==== EXERCISE MATERIALS ====
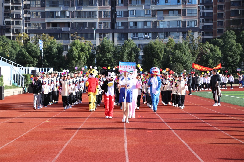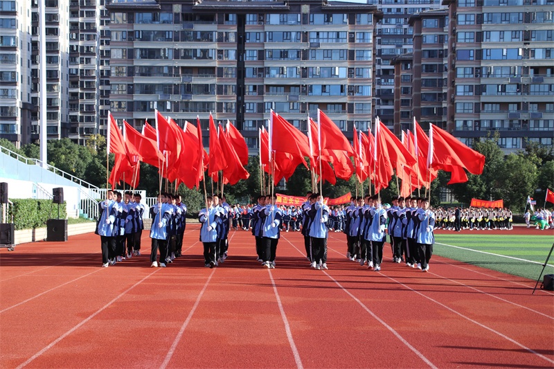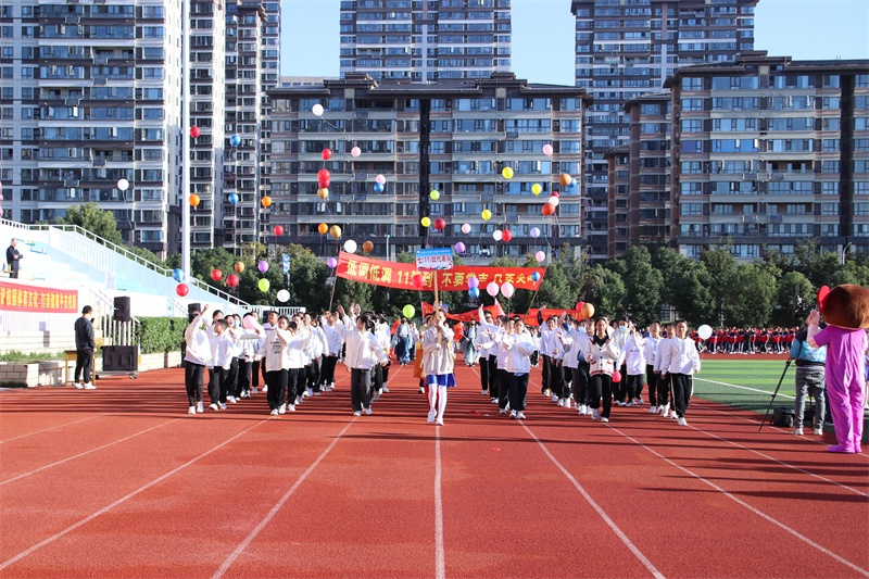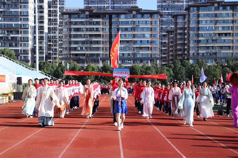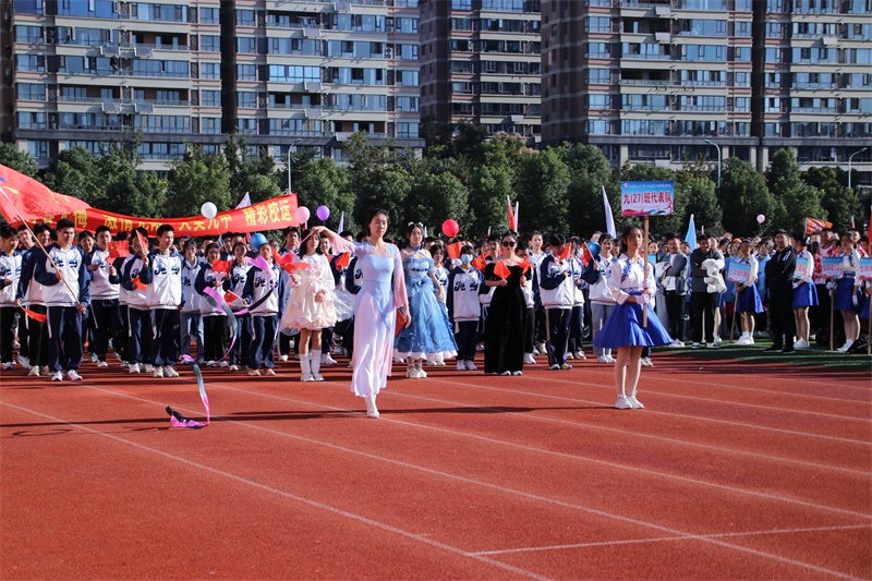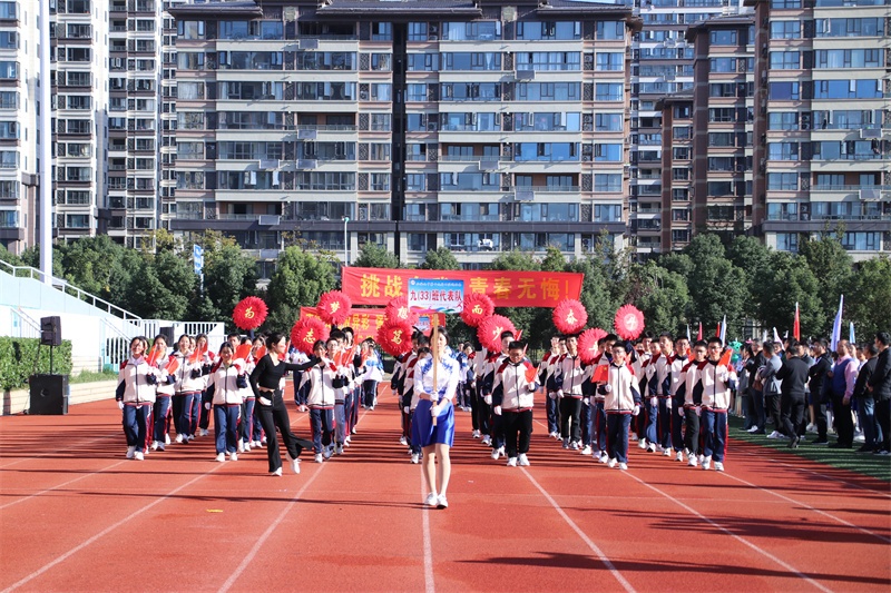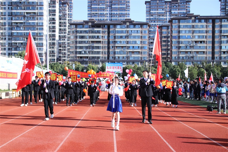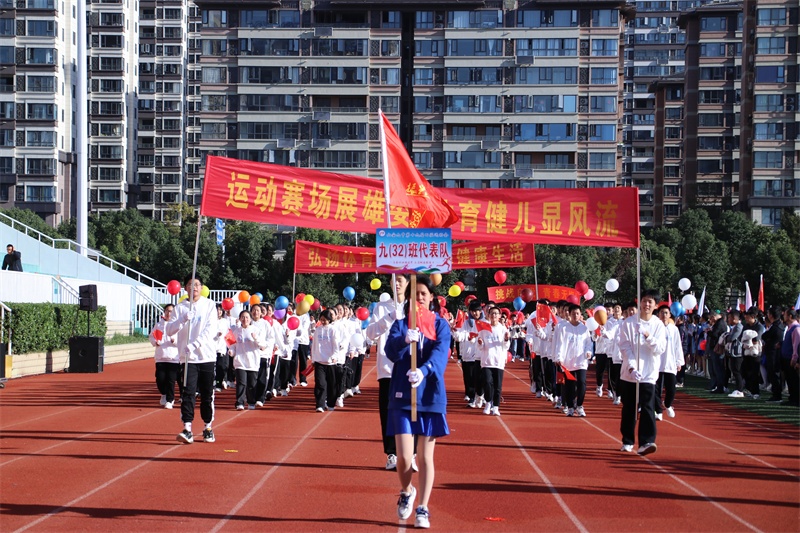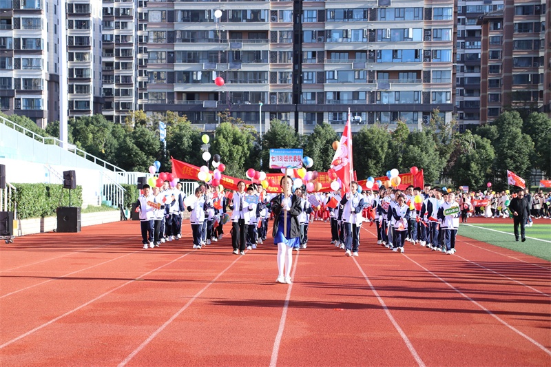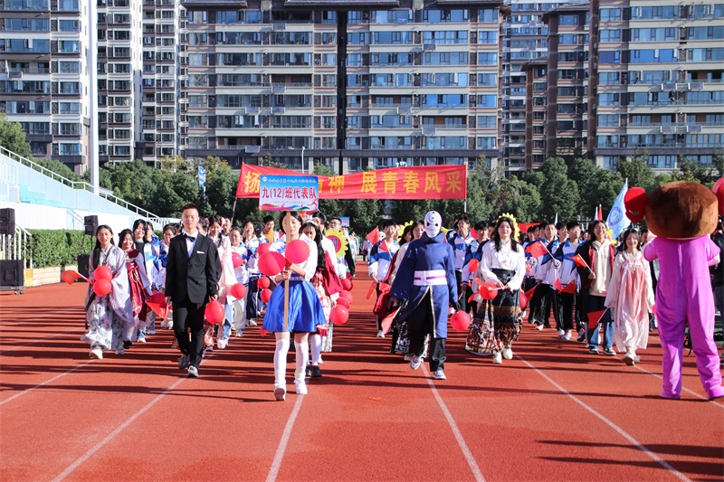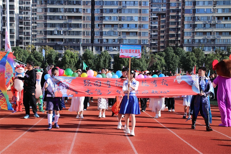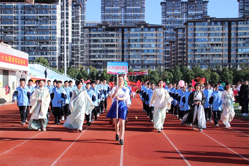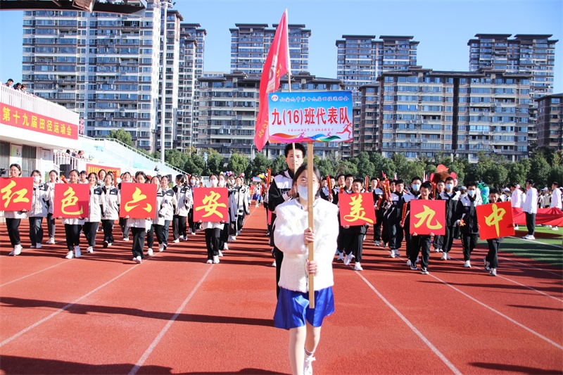 每一位九中人,欣喜满怀,精神饱满。伴随着雄壮有力的《运动员进行曲》,国旗、校徽、吉祥物、会徽、花环、红旗方阵迈着矫健的步伐依次进场。本届运动会,学校设计了吉祥物——“梦梦”。她汇集中国红、祥云、数字“9”等元素于一身,身着紫色加绒运动服,饱含热情,充满活力地叙说着“大美九中梦”的愿景。九中师生善学善用,力臻卓越,追逐梦想,参加本届运动会的100个方阵一一走过主席台,接受检阅。各班方阵由班主任带领,踏着整齐的步伐,喊着响亮的口号,无不展示着朝气蓬勃、健康向上的精神风貌。街舞、击剑、拉丁舞,舞龙狮,形式多样;汉服、运动服、玩偶服,个性十足。激情的入场式充分展现了九中学子独具慧心的无限创意和朝气蓬勃的青春风采。
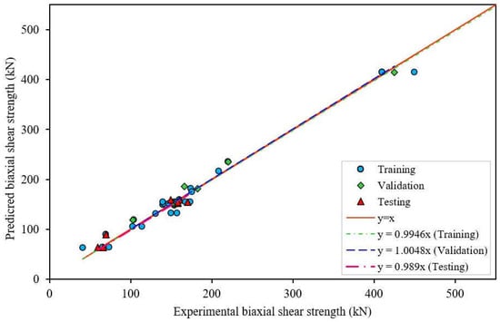 Generally, GEP or ANN are utilized for machine-learning-based modelling in the realm of civil engineering [13,25,26,27,28,29,30,31,32,33]. The obvious advantages of MEP and ANFIS over other EA’s and ANNs would result in the development of accurate models. They have been utilized in a very few studies to predict the mechanical properties of concrete, classify soils, constitutive models for the deformation modulus of soil, design models for columns, and the uplift capacity of suction caissons [16,34,35,36,37]. Due to their ability to create accurate models when the complexity of target expression is unknown (common phenomena in the field of structural engineering) and the ability to search in wider space to predict the output, they can be used to model complex structural behavior. In this study, MEP and ANFIS were utilized to develop models for predicting the shear strength of biaxial-loaded columns. The efficacy of the developed models was assessed based on a rigorous statistical analysis. These studies also ensured that the models apprehended the underlying physical phenomena of the problem in hand. Moreover, a comparative study was performed based on the published experimental and modelling results to verify the universality of the proposed models.
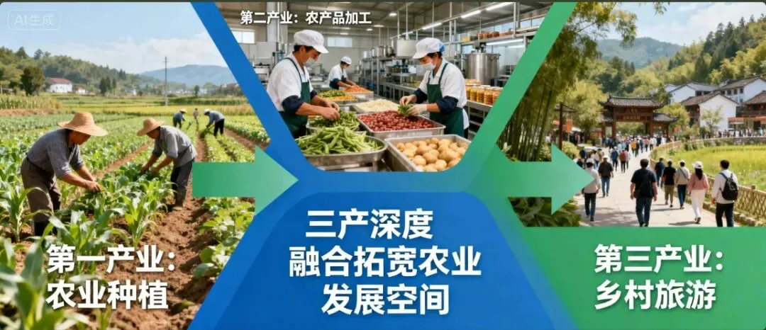 打破“农业=种地”认知,推动农业与加工、文旅、电商、康养深度融合:做精农产品精深加工(杂粮代餐、果蔬冻干、预制菜);做强休闲农业(采摘园、农耕体验、乡村民宿);做优康养农业,让单一产业变身复合产业。
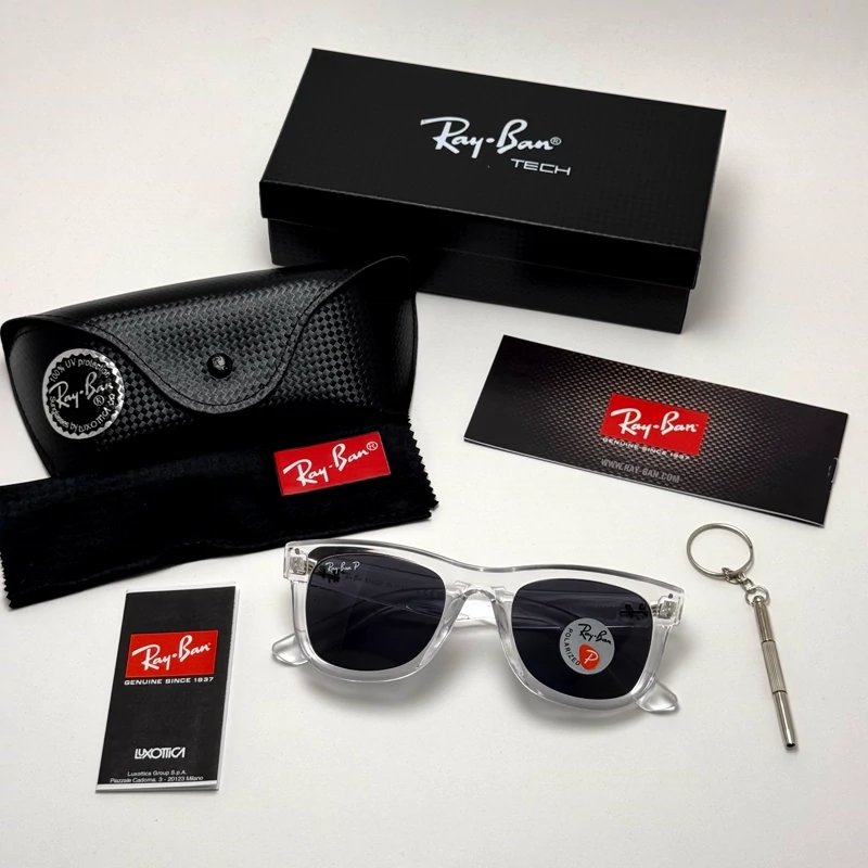 عینک آفتابی ریبن ویفرر ریورس پلاریزه کریستالی عدسی مشکی به همراه پک کامل ریبن Rayban WAYFARER REVERSE RB R0502S
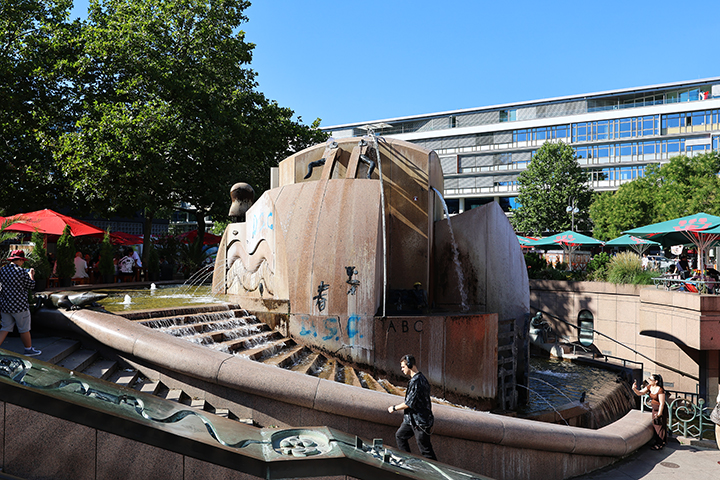Vi fortsatte vores vandretur østpå ad Kurfürstendamm, forbi Weltkugelbrunnen, der er et springvand i rød granit, der viser en symbolsk globus med figurer fra forskellige kulturer afbildet. Springvandet er indviet i 1983.
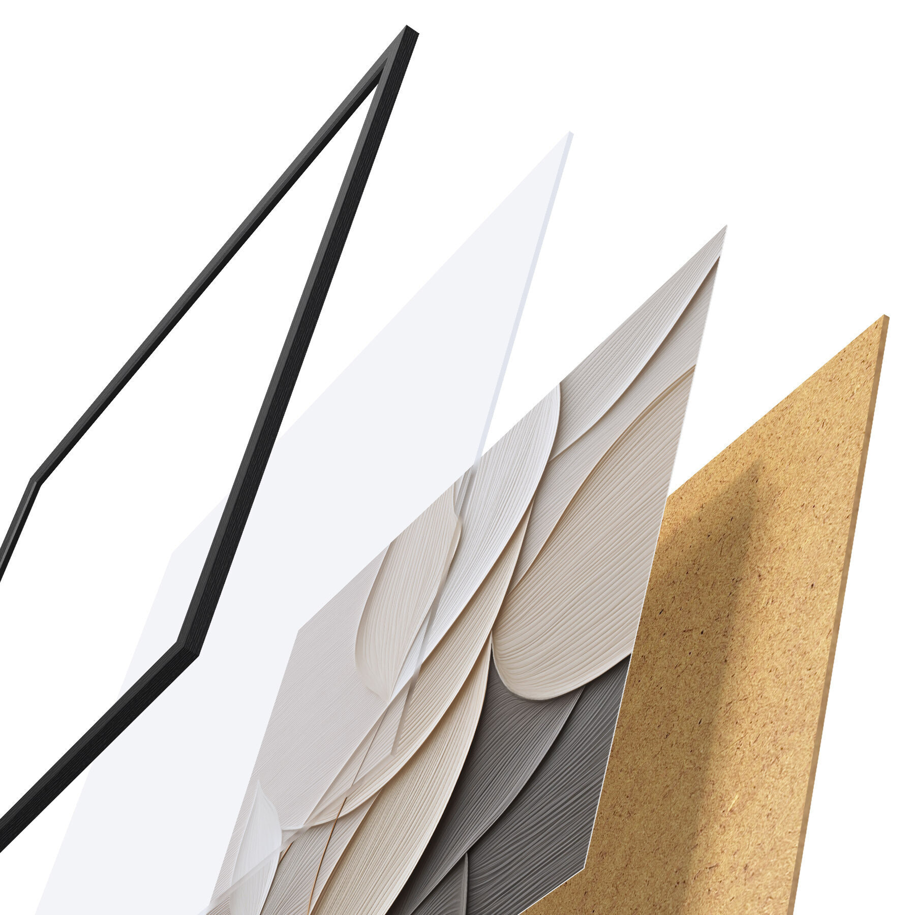 Plakatą sudaro rėmas, pleksiklas, atspausdintas vaizdas ir medžio drožlių plokštės pagrindas. Plakatą galima iš karto pakabinti ant sienos dėl kitoje pusėje esančių laikiklių.
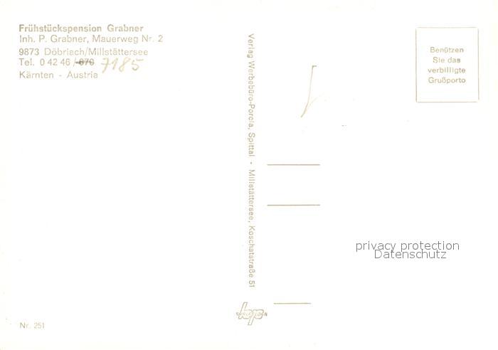 73320629 Doebriach Millstaettersee Fruehstueckspension Grabner postalisch nicht gelaufen Erhaltung siehe scans [PaolaD17] KatCode: 11390212020630
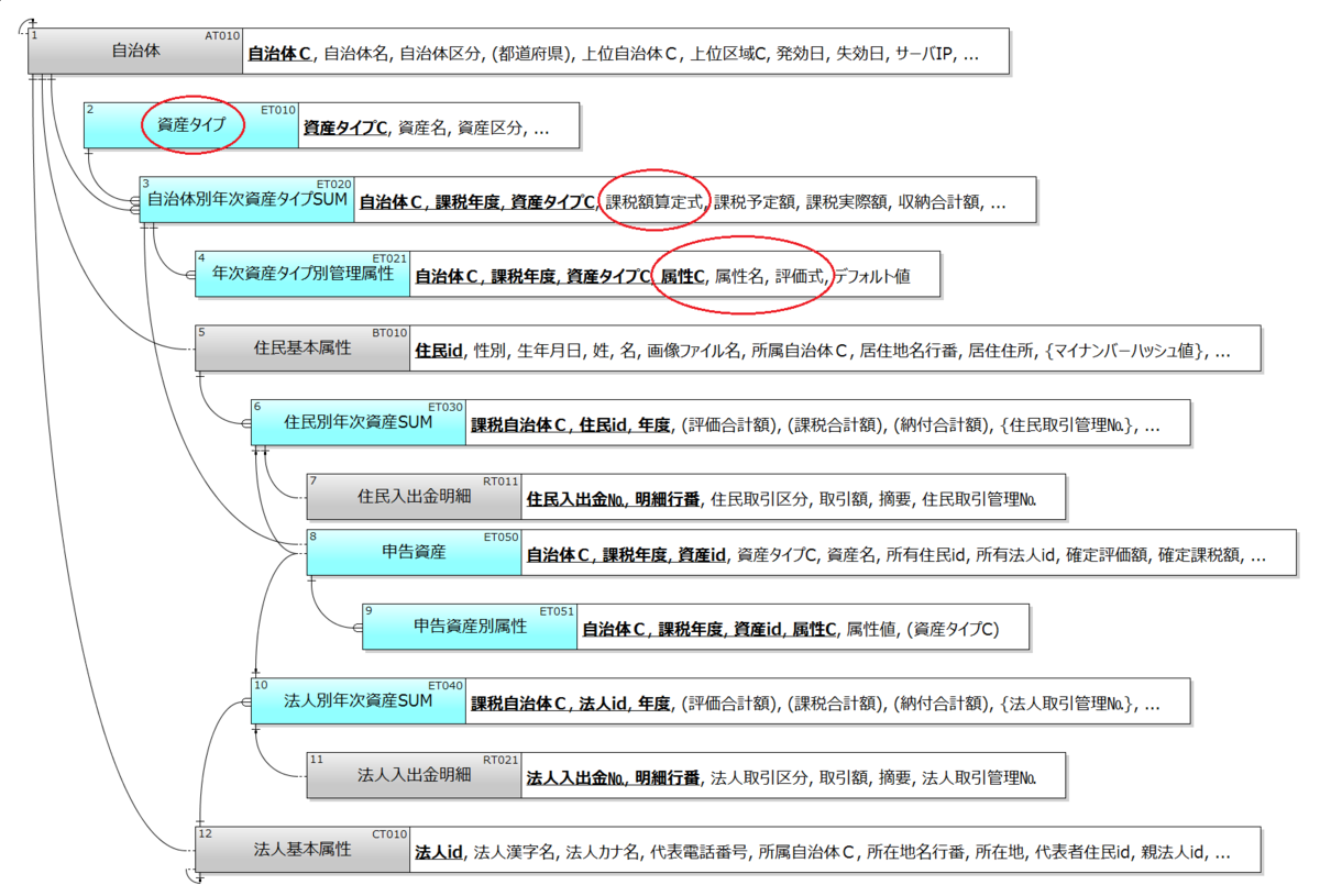 赤丸で囲った部分に注目してほしい。事前に資産タイプ(2,モデル上のテーブル番号)が定義されており、各自治体は年度毎に資産タイプ向けの計画を課税額算定式とともに設定する(3)。計算式には多彩な計算要素が含まれるが、それらは年次計画毎に資産の属性一覧としてあらかじめ設定されている(4)。住民および法人が申告した資産には規定の属性が設定され、評価額と課税額が決定される(8,9)。紛らわしいが4の「評価式」は、資産の評価額を計算するための式ではなく、各資産(8)に付与される属性(9)がとる値の妥当性評価のための式である。資産評価額の設定式は別途用意したほうがよさそうだが、部分的には手作業での入力が避けられないかもしれない。
====
WHAT THE EXERCISE ASKS
Transcribe all records verbatim, no pictures.

EXPECTED OUTPUT
 每一位九中人,欣喜满怀,精神饱满。伴随着雄壮有力的《运动员进行曲》,国旗、校徽、吉祥物、会徽、花环、红旗方阵迈着矫健的步伐依次进场。本届运动会,学校设计了吉祥物——“梦梦”。她汇集中国红、祥云、数字“9”等元素于一身,身着紫色加绒运动服,饱含热情,充满活力地叙说着“大美九中梦”的愿景。九中师生善学善用,力臻卓越,追逐梦想,参加本届运动会的100个方阵一一走过主席台,接受检阅。各班方阵由班主任带领,踏着整齐的步伐,喊着响亮的口号,无不展示着朝气蓬勃、健康向上的精神风貌。街舞、击剑、拉丁舞,舞龙狮,形式多样;汉服、运动服、玩偶服,个性十足。激情的入场式充分展现了九中学子独具慧心的无限创意和朝气蓬勃的青春风采。
 Generally, GEP or ANN are utilized for machine-learning-based modelling in the realm of civil engineering [13,25,26,27,28,29,30,31,32,33]. The obvious advantages of MEP and ANFIS over other EA’s and ANNs would result in the development of accurate models. They have been utilized in a very few studies to predict the mechanical properties of concrete, classify soils, constitutive models for the deformation modulus of soil, design models for columns, and the uplift capacity of suction caissons [16,34,35,36,37]. Due to their ability to create accurate models when the complexity of target expression is unknown (common phenomena in the field of structural engineering) and the ability to search in wider space to predict the output, they can be used to model complex structural behavior. In this study, MEP and ANFIS were utilized to develop models for predicting the shear strength of biaxial-loaded columns. The efficacy of the developed models was assessed based on a rigorous statistical analysis. These studies also ensured that the models apprehended the underlying physical phenomena of the problem in hand. Moreover, a comparative study was performed based on the published experimental and modelling results to verify the universality of the proposed models.
 打破“农业=种地”认知,推动农业与加工、文旅、电商、康养深度融合:做精农产品精深加工(杂粮代餐、果蔬冻干、预制菜);做强休闲农业(采摘园、农耕体验、乡村民宿);做优康养农业,让单一产业变身复合产业。
 عینک آفتابی ریبن ویفرر ریورس پلاریزه کریستالی عدسی مشکی به همراه پک کامل ریبن Rayban WAYFARER REVERSE RB R0502S
Vi fortsatte vores vandretur østpå ad Kurfürstendamm, forbi Weltkugelbrunnen, der er et springvand i rød granit, der viser en symbolsk globus med figurer fra forskellige kulturer afbildet. Springvandet er indviet i 1983.
 Plakatą sudaro rėmas, pleksiklas, atspausdintas vaizdas ir medžio drožlių plokštės pagrindas. Plakatą galima iš karto pakabinti ant sienos dėl kitoje pusėje esančių laikiklių.
 73320629 Doebriach Millstaettersee Fruehstueckspension Grabner postalisch nicht gelaufen Erhaltung siehe scans [PaolaD17] KatCode: 11390212020630
 赤丸で囲った部分に注目してほしい。事前に資産タイプ(2,モデル上のテーブル番号)が定義されており、各自治体は年度毎に資産タイプ向けの計画を課税額算定式とともに設定する(3)。計算式には多彩な計算要素が含まれるが、それらは年次計画毎に資産の属性一覧としてあらかじめ設定されている(4)。住民および法人が申告した資産には規定の属性が設定され、評価額と課税額が決定される(8,9)。紛らわしいが4の「評価式」は、資産の評価額を計算するための式ではなく、各資産(8)に付与される属性(9)がとる値の妥当性評価のための式である。資産評価額の設定式は別途用意したほうがよさそうだが、部分的には手作業での入力が避けられないかもしれない。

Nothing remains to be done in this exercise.